Through the Swiss Data Cube project, several positive outcomes were achieved, such as improved monitoring and decision-making in various sectors (Chatenoux et al. 2021). However, there were also challenges and potential areas for improvement that could have been avoided with more careful consideration. One such aspect is the accessibility and usability of the data. While the project successfully compiled a vast amount of remote sensing data, there could have been more emphasis on making it easily accessible and user-friendly for a wider range of stakeholders. This could have involved developing intuitive interfaces, providing training and support for data interpretation, and ensuring that the data is readily available in formats compatible with various analysis tools. Another aspect that could have been better addressed is the engagement of local communities throughout the project’s duration. Although the project acknowledged the importance of traditional knowledge and involved local communities in certain stages, there could have been more proactive efforts to ensure their meaningful participation from the inception to the implementation of the project. This could have included establishing regular dialogue, fostering partnerships, and integrating traditional knowledge more deeply into the research and decision-making processes. By doing so, the project could have benefited from a broader range of perspectives, increased community ownership, and improved the relevance and applicability of the research outcomes.

7 Conclusion

The integration of scientific knowledge into snow monitoring practices plays a vital role in understanding and effectively managing snow resources. By leveraging scientific advancements and embracing innovative approaches, stakeholders of snow monitoring can enhance their capacity to adapt to changing snow conditions and improve the sustainable management of snow. Moving forward, it is essential for communities to focus on certain key areas and further improve their snow monitoring efforts. Firstly, enhancing snow accumulation and melt forecasting accuracy can provide valuable information for water resource planning, agriculture, and infrastructure management. By investing in research and technological advancements, communities can improve the predictive capabilities and lead time for snow-related events, enabling better preparation and response. Communities should strive to deepen their understanding of the impacts of climate change on snow dynamics. By conducting research and monitoring, they can gain insights into the changing patterns of snow accumulation, melt rates, and overall snowpack characteristics. This knowledge will enable communities to develop adaptive strategies to mitigate risks and adapt their practices accordingly.

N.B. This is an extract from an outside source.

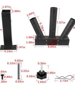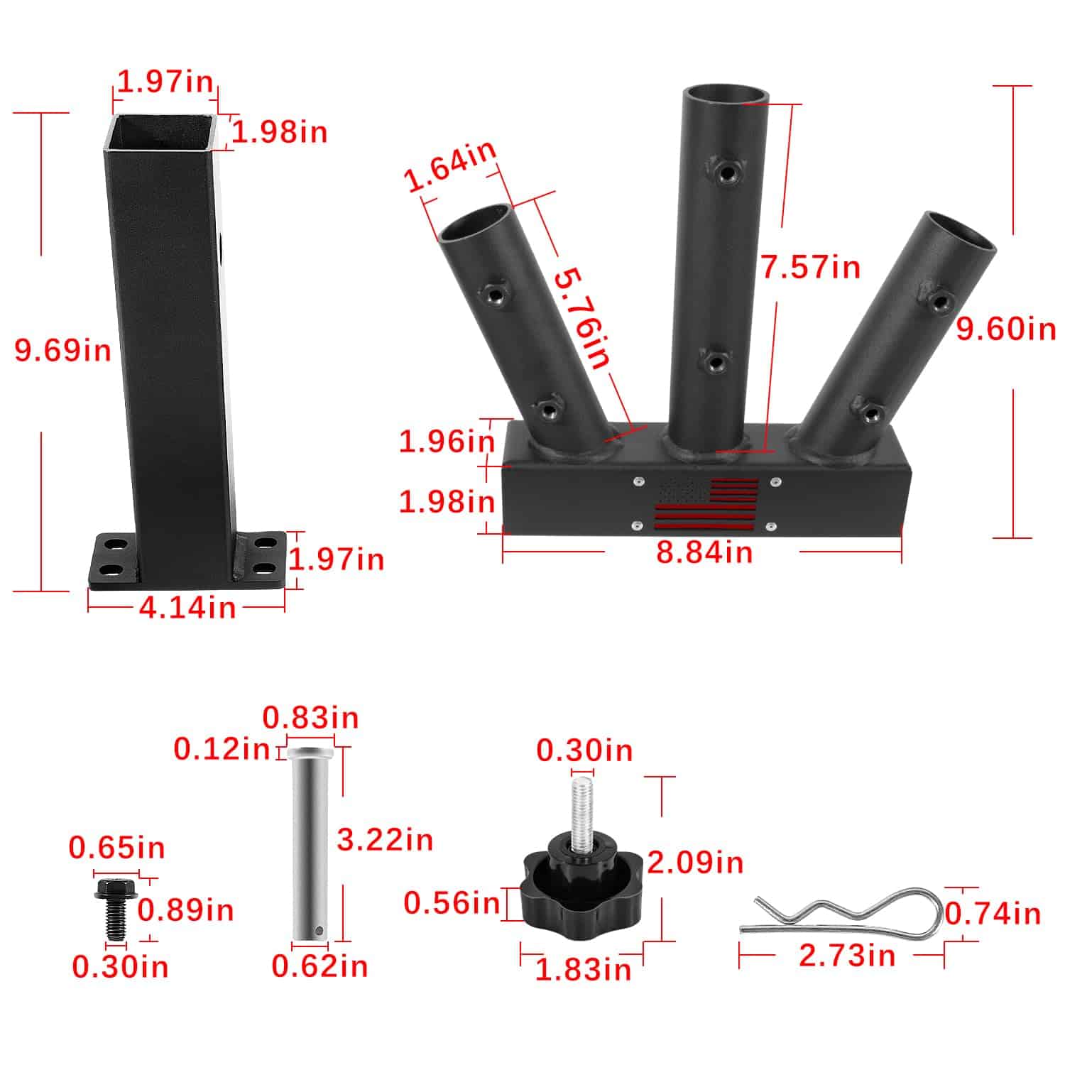 Soporte de poste triple para enganche de bandera está hecho con tubos de acero cuadrados de 2″ x 1/8″ y tubos de acero de 1 1/2″ x 1/8″, pintado con pintura negra y primer (CON TAPA FINAL). El soporte de bandera de enganche viene con tornillos tipo perilla de apriete que pueden fijar firmemente el poste en su lugar para mejorar la estabilidad y seguridad al conducir por la carretera. El soporte de bandera para enganche se usa para tailgating volando tu bandera de equipo favorita, se usa para desfiles o lo que desees mostrar. El soporte de bandera de enganche de remolque está cuidadosamente diseñado y fabricado. Fabricado con acero endurecido de alta calidad con recubrimiento de óxido negro para resistencia, durabilidad y longevidad, es ideal para soportar la mayoría de las condiciones climáticas. Asegura una vida útil inigualable. Fácil de instalar, simplemente deslice el soporte de poste de bandera de enganche en el receptor de enganche y bloquee en su lugar usando el pasador de enganche.

Community engagement and public awareness initiatives are also mandatory in advancing snow practices. By involving local communities in data collection, monitoring, and decision-making processes, communities can benefit from the wealth of traditional knowledge and observations. Furthermore, raising awareness about the importance of snow monitoring and its implications for various sectors, including water management, agriculture, and tourism, will foster a culture of informed decision-making and collective responsibility. By prioritizing research, collaboration, community engagement, and public awareness, communities can harness the power of scientific knowledge in snow-centered activities to improve the quality of life for individuals living in snow-dependent regions. Embracing these improvements will pave the way for more sustainable and adaptive practices, ensuring the long-term resilience and well-being of communities in the face of changing snow conditions and associated challenges.